Последний ли вздох послышался?..
Не очень-то любит отечественная историография и так называемая «военная наука» сухой обличающий язык цифр. Цифр-то до дьявола, пустых, никчемных. Настоящих мало. С ними трудно— с настоящими. Кто как хочет, так этот язык и понимает. Например: «Из 55 миллионов убитых в Европе за время Второй мировой войны 40 % — граждане Советского Союза»— ведь это не 20, а уже 22 миллиона. Или два миллиона убитых — это малозначащая деталь, можно пренебречь?.. Два миллиона! Это людской боевой состав 143-х полевых пехотных дивизий!!! — Но и тут всё шатко, недостоверно, фальшиво — погибших гораздо больше. Специалисты снова подвинулись и назвали 27 миллионов!..!..!.. Что составляет уже не 40, а 50 % от числа общих потерь за всё время Второй мировой войны.
«Вы должны знать, что смертность в немецких лагерях для советских военнопленных составляла 57,8 % — это означает ТРИ МИЛЛИОНА ТРИСТА ТЫСЯЧ»— а ведь это 5 млн. 709 тыс. 342 человека, оказавшихся в плену у фашистского вермахта. Это цифры германские. Где вы у нас такую цифру найдёте?.. Исходные цифры взяты из текста замечательного немецкого писателя Генриха Бёля— «Письмо моим сыновьям, или четыре велосипеда» (Журн. «Ин. Лит». № 12, 1985 г.) Бёль, может быть, не был нашим закадычным другом, но он не был никогда нашим врагом— при этом он всегда был предельно Честным Человеком. И последовательным противником, даже врагом всякого тоталитаризма: как немецко-фашистского, так и коммуно-советского (во всероссийском исполнении, во всенемецком, венгерском, румынском, болгарском, чешском и всяком другом…)

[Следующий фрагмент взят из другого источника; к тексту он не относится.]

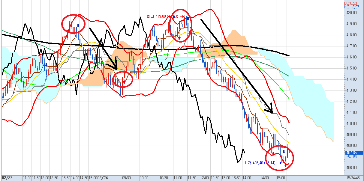 어제 장 마감은 매도 신호로 추세를 깨고 내려왔었는데요,
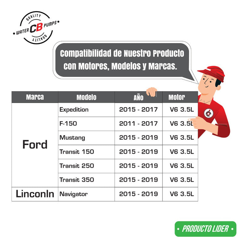 Modelo: Tapa Cubierta Bomba Agua FORD F-150 2012-2022 3.5L Expedition 2015-2020 3.5 Lobo 2015, 2017 3.5 Mustang 2015-2017 3.7 Transit-150 2015-2020 3.5 3.7 Transit-250 2015-2019 3.7 LINCOLN MKS 2011-2014 3.5 MKX 2011-2017 3.7 MKZ 2013-2016 3.7 Navigator 2015-2019
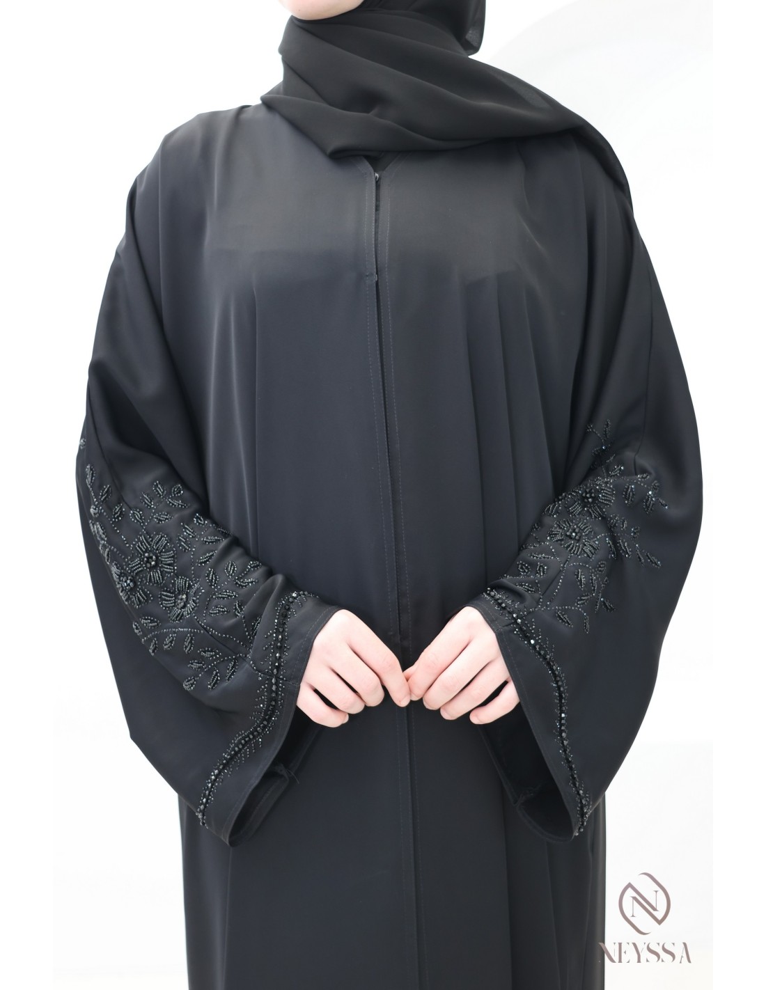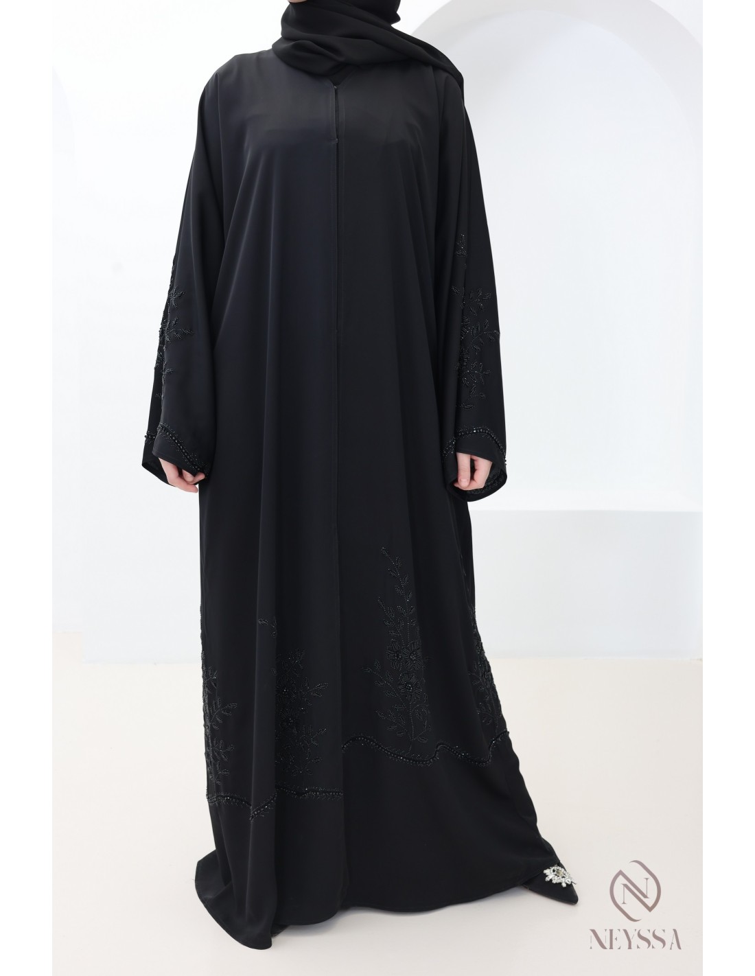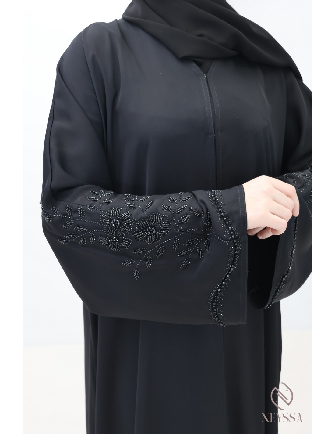 • Perfect personalized finishes: A golden Neyssa plaque is hand-sewn onto the sleeve of the abaya.
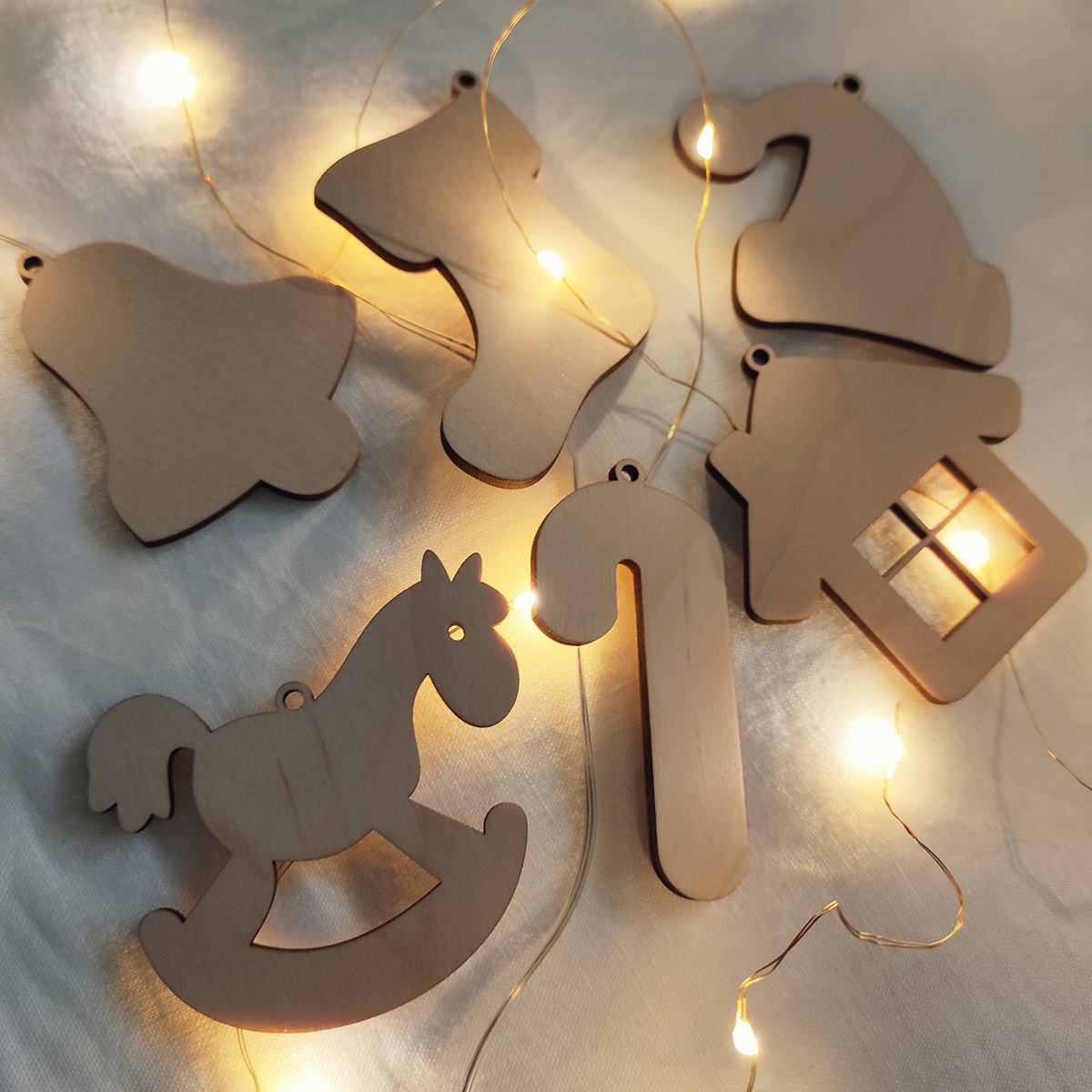 Ozdoby sú vyrezané z preglejky hrúbky 4mm. Povrch prebrúsený do hladka.
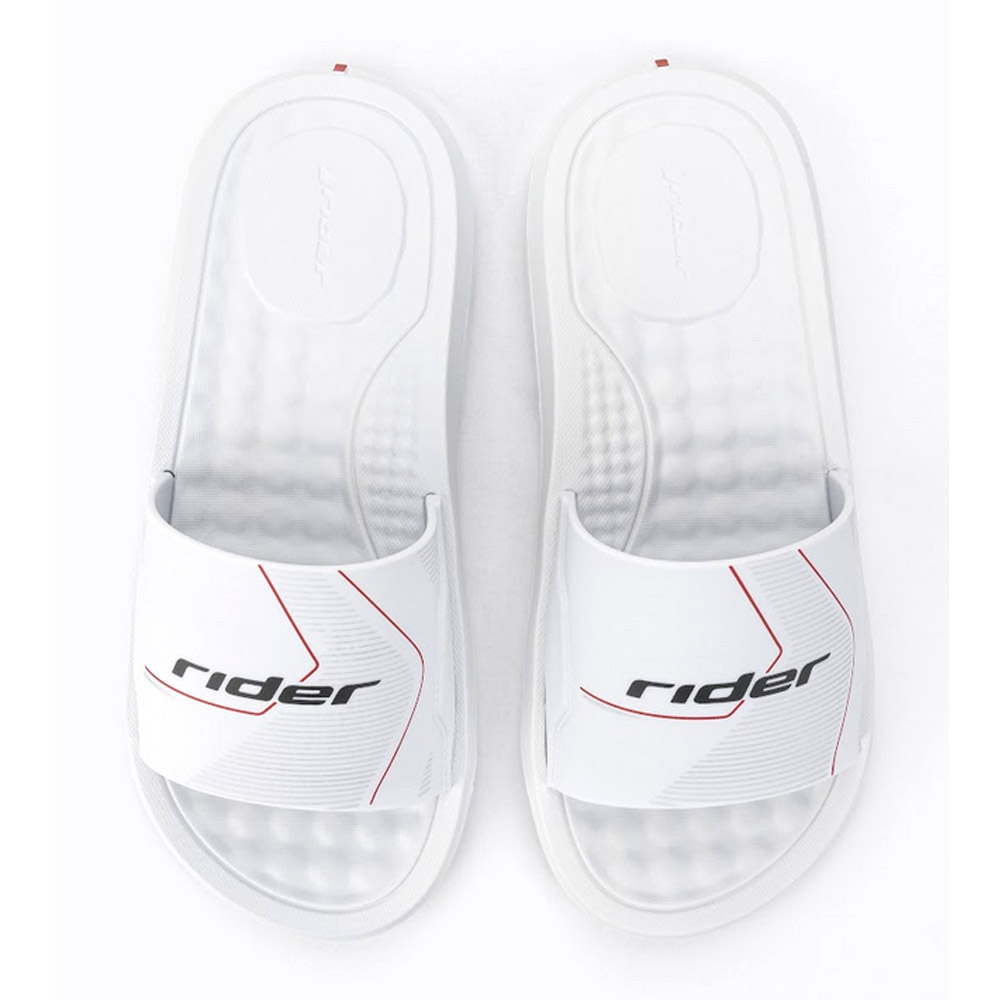 El modelo Rider Step Slide se inspiró en el estilo de vida deportivo. El producto cuenta con la famosa plantilla de masaje, que garantiza comodidad y estilo. En la zona del empeine posee el nombre de la marca estampado en color a contra tono del fondo.

Солнце покидало землю, но вдалеке ещё светились цинковые кровли. Туда, петляя, тянулась полевая дорога. В стороне от дороги торчал сломанный журавль колодца. Лёгким холодком тянуло из низинок. Выставили круговое охранение, и взвод, вернее, его остатки сошлись в просторной хате. Дело было на крайнем хуторе Юзефа, по карте он именовался Юзефовкой, в линии Белавинце-Бабуранце-Петряковце Старе. Вы, небось досадуете: «Чего это он кудахчет, выписывает перечень никому не нужных названий?..» Для вас это, может, и пустяки, а для меня — целая жизнь.
Расположились в хате на лавках, вдоль стен, а кто попредусмотрительнее, стал моститься в углах прямо на полу. Свет по привычке не зажигали, сумерничали и курили.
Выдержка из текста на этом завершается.